Ah young love. The pen is drawn, forward you push past all resistance to spill your heart onto this piece of paper to unveil your affections for the cutest person that God had the goodness to grace the planet just for you. You absolutely must level the playing field and see if she returns your undying zest.
The Love Note is born!
In a world of digital wander land, where we all interact at lightning speeds on micro bits of imperfect data with cheap winks and likes, we’re drowning in the nothingness of obscurity, longing for a genuine expression rich with its own originality. The preciousness of the love note was traded in for emoticons and witty combinations of characters that symbolize sideways happy faces.
Let the love note return to us with a power we’ve never known. Here are the top five ways to write a powerful love note that will raise eyebrows, leave lasting impressions and catapult you to new heights of romance and relationships gorgeousness:
1. Don’t hold back. Go all in and say something original.

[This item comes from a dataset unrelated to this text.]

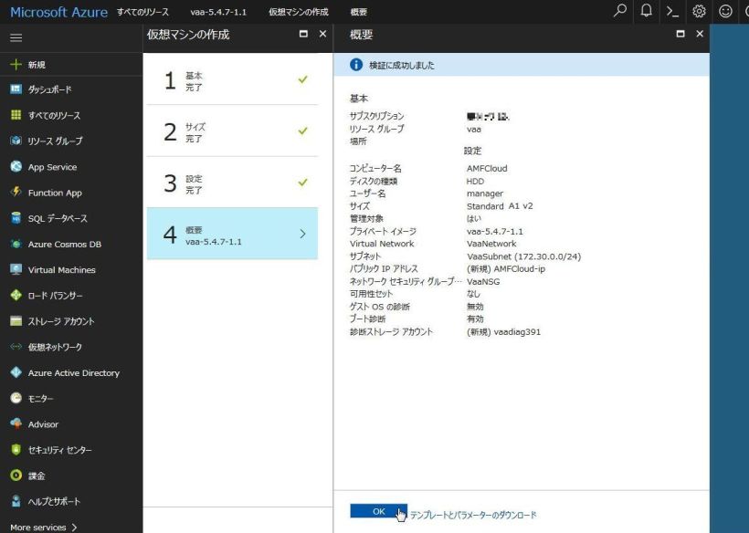 - これでカレントディレクトリーにVHDイメージファイル「vaa_azure-5.4.9-2.3.vhd」が準備できました。

Anything….original. (and authentic) Forget what you hear in movies, but definitely use the heart behind it. Every person wants originality and it doesn’t have to be perfect, in fact, sometimes a little awkwardness can be charming.
2. Think about a subject of interest: what do you hope to achieve? How do you want them to feel?
Good conversation and connections are birthed in the foundations of thinking about your listener first and tailoring your words that will be received favorably. If your intention is clear, your words will most likely come naturally, even if you don’t consider yourself an “expert communicator.”
3. Surrender all expectations, let go, throw in the towel and slowly dangle the carrot of love.
People have a high BS sensor and social media has exemplified their abilities to congregate and share stories. So before you throw out a “cool pick up line” designed to impress, go ahead and make the assumption they’ve already heard it and if they haven’t, a friend certainly has and they’ll talk about it over their weekly apple martinis.
4. Break the pattern, their neurological linguistic programming.
Everyone you meet has a script or pattern running on auto-pilot and they come to you pre-loaded with certain judgments, opinions and preferences. Breaking this pattern is a way of gently moving your listener to a new space where authenticity can flourish in an environment of trust. Humor is a great way of breaking that pattern which is where the expression “crack a smile” came from.
5. It’s not about you.
The purpose of the love note is to leave a lasting impression. If you’ve never seen a person swoon – that’s right, I’m talking gush with starry eyes with heart skipping a beat – you’re missing out. People won’t always admit it, but they ALL want to be genuinely charmed.